1. **Consensus:** Where do all agents agree? → High confidence
2. **Conflict:** Where do they disagree? → Investigate, pick strongest argument, explain why
3. **Gaps:** What did nobody cover? → Flag for user
4. **Cross-check:** Did Engineer's logic validate Scholar's facts?

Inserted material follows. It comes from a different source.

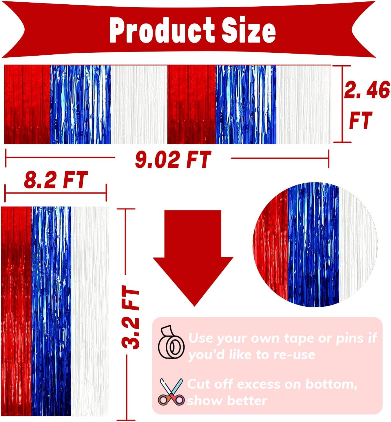 • Material: Plastic 2 Pack Party Streamers: 3.2ft x 8.2ft(W*L) 2 Pack Foil Fringe Tinsel Table Skirt: 30inx 108in(W*L) Please confirm the size you need before buying. Peel off the sticker on the back and stick it on the door you want to decorate, the size fit for any party backdrop, which can create an impressive decorative effect.

Did Muse find a creative angle nobody considered?
5. **Sources:** Collect all URLs/citations from Scholar

### Step 5: Deliver
Present the final answer in this format:

```
🏛️ **Council Answer**

[Synthesized answer here — this is YOUR synthesis as Captain, not a copy-paste of sub-agent outputs]

**Confidence:** High/Medium/Low
**Agreement:** [What all agents agreed on]
**Dissent:** [Where they disagreed and why you sided with X]

---
<sub>🔍 Scholar (model) · 🧮 Engineer (model) · 🎨 Muse (model) | Agora v1.1</sub>
```

## Examples

### Simple
```
/agora Should I use PostgreSQL or MongoDB for a new SaaS app?
```
→ Uses defaults: Scholar=codex, Engineer=codex, Muse=sonnet

### Custom models
```
/agora What's the best ETH L2 strategy right now? --scholar=sonnet --engineer=opus --muse=haiku
```

### All same model
```
/agora Explain quantum computing --all=opus
```

### Preset
```
/agora Debug this auth flow --preset=premium
```

## Tips

- For **pure research** questions: Scholar does heavy lifting, others verify
- For **coding** problems: Engineer leads, Muse reviews UX, Scholar checks docs
- For **strategy** questions: All three contribute equally
- For **writing** tasks: Muse leads, Scholar fact-checks, Engineer structures
- Use **`--preset=cheap`** for exploration, **`--preset=premium`** for important decisions

## Cost Note

Each council call spawns 3 sub-agents = 3x token usage. Use wisely for complex problems.
Default preset (balanced) uses Codex for 2/3 agents = cost-efficient.